(Рассказы)
Окончательно надежда на примирение рухнула после недавнего случая. С самого начала так повелось, что зарплату в колхозной кассе получала за двоих Десятница. Ходыдым насмешки и сочувствие тогда пресёк сразу: «Получка — дело семейное. А настоящий мужик должен свои деньги иметь». Не будешь же всем объяснять, что для Десятницы это, может, единственное счастье в жизни — деньги в руках. И за них она стоит насмерть.
Кассиршей работала Рая Опанасенко, до звона, как вяленая чехонь, худая девка с походкой тяжелобеременной — племянница Десятницы. Так что спелись они легко. Бывало, приболеет жена, так Рая получку домой несёт, а Ходыдыму на руки всё равно не выдаст.
По старой памяти провернули они привычную операцию и на этот раз, рассудив просто: может, и пошумит Ходыдым, не без того. А денежки — вот они! В надёжных руках.
Ходыдым пришёл в правление в самый разгар, мужики в широком коридоре насмолили так, что дым кипел от пола до потолка.
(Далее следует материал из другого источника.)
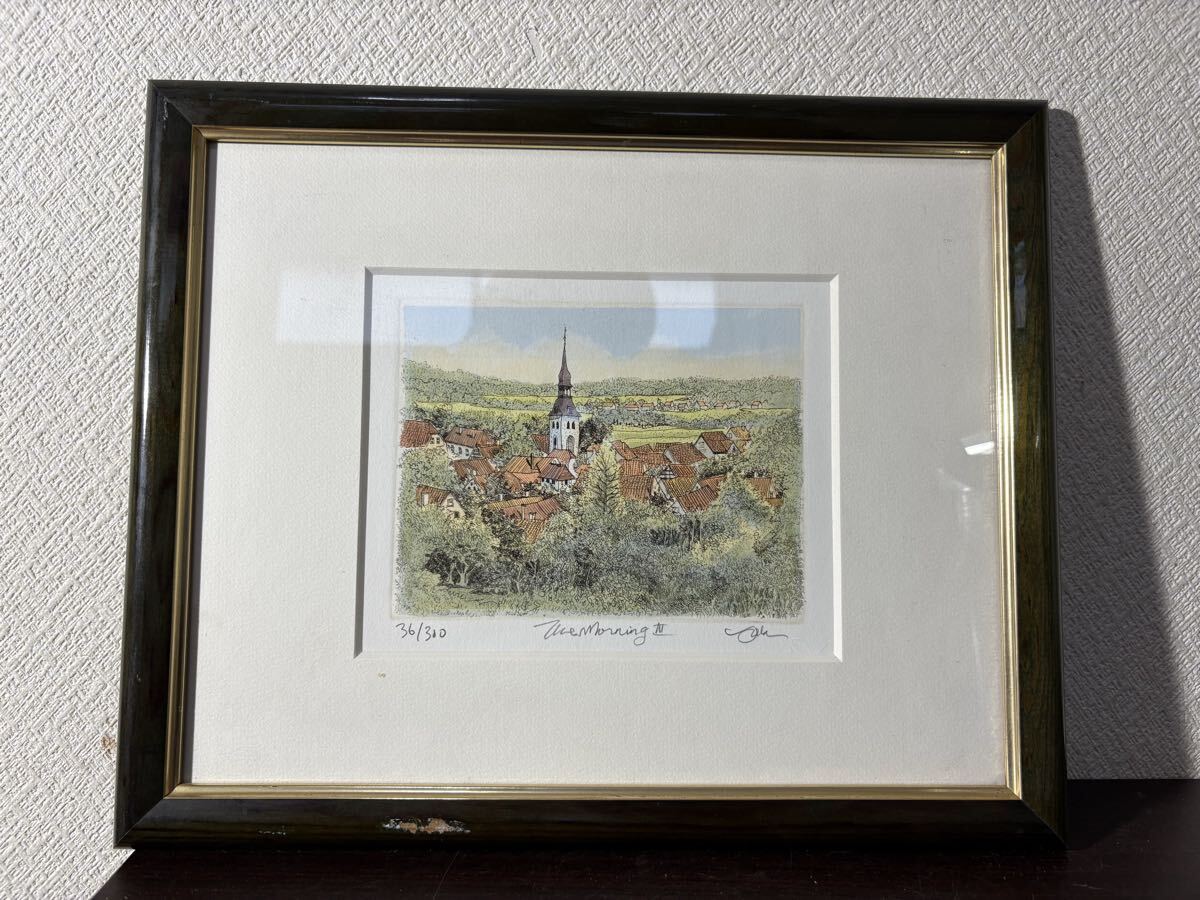 - 真作 織田義郎 朝の風景 絵画 風景画 美術品 銅版画 36/300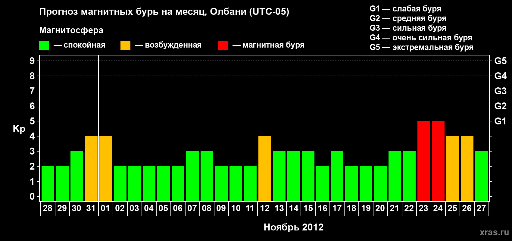 Прогноз магнитных бурь Олбани — 28 октября 2012 года
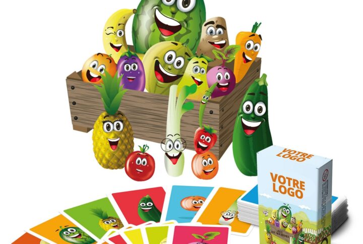 Jeu du type 8 américain sur le thème des fruits au marché, 44 cartes (42 cartes + 1 joker + 1 carte règle), format 58x88mm, personnalisable, coins ronds. Tolérance de fabrication + ou – 5 % appliquée pour la quantité livrable et facturable.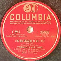 - "For No Reason at All in C" with Bix Beiderbecke (1927), which was released as a single 78 on Okeh and subsequently reissued on Columbia and Parlophone.
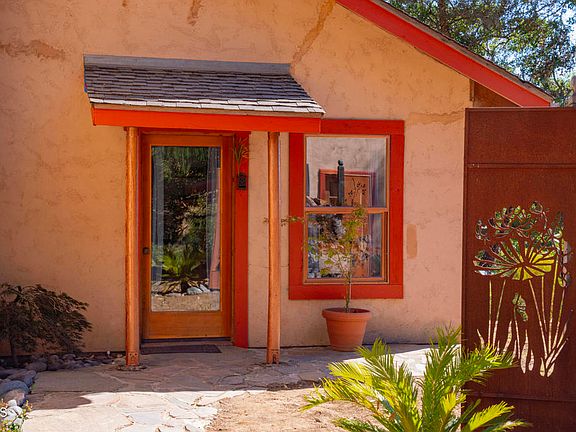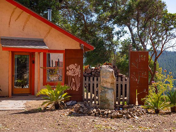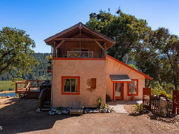 Set atop a hillside in the Heart of Anderson Valley--literally, this Mediterranean-style home with its earthy exterior color offers a vivid contrast to its surrounding foliage and landscape. The main entry gives way to a casual but elegant living room with vaulted ceilings, stained concrete flooring and a wood burning stove. One side of living room opens to the dining and additional living area that flows seamlessly to the outdoor porch. The kitchen and staircase leading to the upper level are also connected to the living room through an ached doorway. In addition, the main level offers a spacious bedroom, a bathroom and a second porch. From nearly every window, you'll see layered gardens and distant valley and hillside views. The upstairs ensuite includes a bedroom, a bathroom with soaking tub framed by windows offering stunning views of the valley below, an office, and an outdoor open room. This home embodies the indoor-outdoor lifestyle.Set apart from the main house is a detached two-story casita. The ground level is a flexible open space--ideal for guests, a creative studio, or a peaceful retreat. Above, is a private studio apartment with an internal and an external access.Only minutes from downtown Boonville, yet worlds away in feel, this exceptional wine country retreat is a rare opportunity to live in a space that is both cultivated and wild.

Двери во все кабинеты были плотно задраены, как у пуганой самогонщицы.
Кассирша своё окошечко распечатывала только на минуту — просунуть в щель то ведомость, то деньги и немо ругалась за стеклянной перегородкой.
Люди в коридоре плавали по частям: то голова чья-то покажется в сизом промыве, то руки, самостоятельные в движении, то тулово без головы — и не угадаешь, чьё оно.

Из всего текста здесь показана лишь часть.